Task instructions. Write out each line from the data below that includes the word "left".

Records shown.

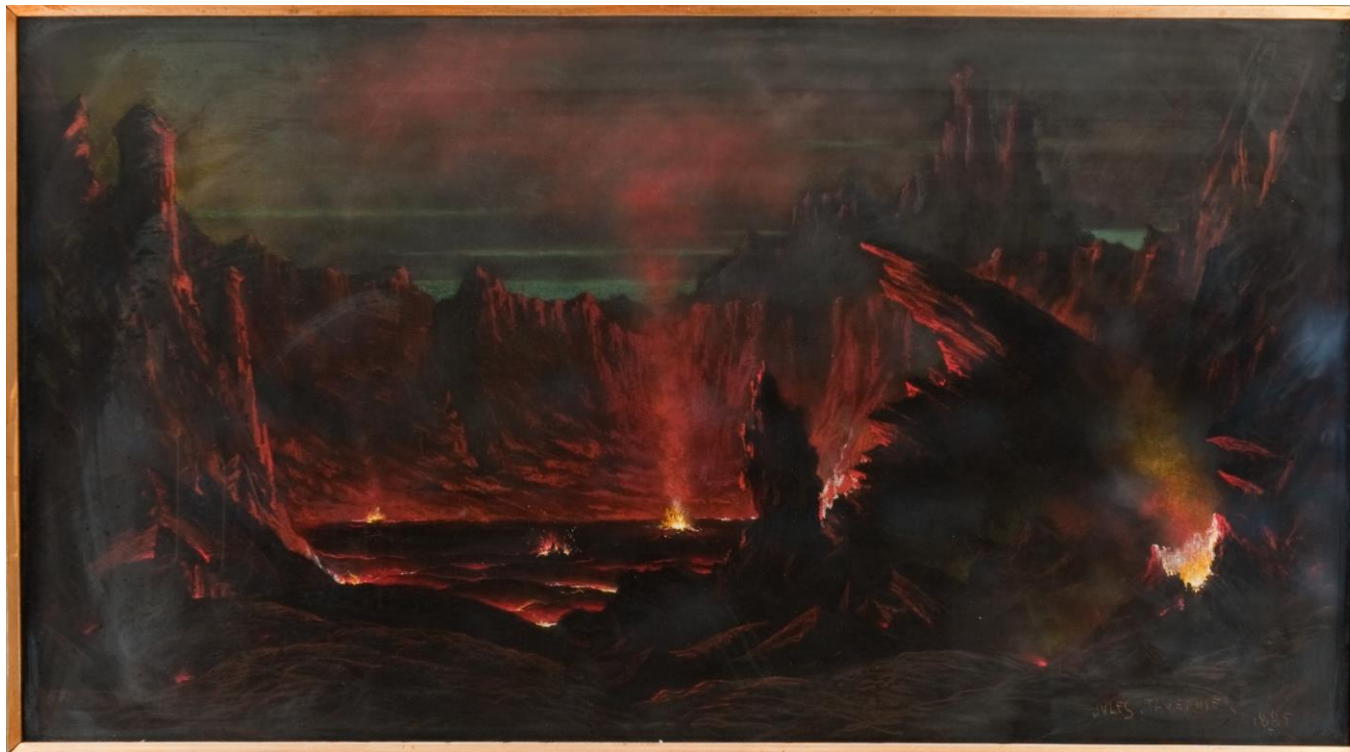
Figure 7. “Volcano—Kilauea, Island of Hawai‘i,” by Jules Tavernier. catalog number HAVO 798.

Many of the Kilauea paintings by Tavernier show ragged slabs of tilted lava crust, but the features of the painting shown in figure 7 seem particularly violent. Was the artist trying to convey the effects of the earthquake the day before? Is this a painting of New Lake, and is the active cone in the lower right Little Beggar?
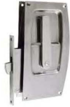
#18.3796 Passage Sliding door lock with strike plate min. door thickness: 25 mm
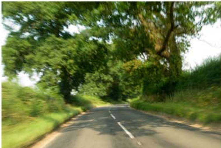
Driving on left
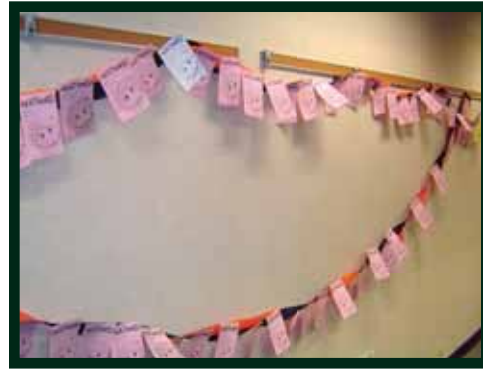
At left: dozens of the 150 Ovations received from internal and external customers noting thanks and appreciation for District Court employees hang on display at the celebration hosted by the EAR Committee on October 26, 2006.

Written solution.
Driving on left
At left: dozens of the 150 Ovations received from internal and external customers noting thanks and appreciation for District Court employees hang on display at the celebration hosted by the EAR Committee on October 26, 2006.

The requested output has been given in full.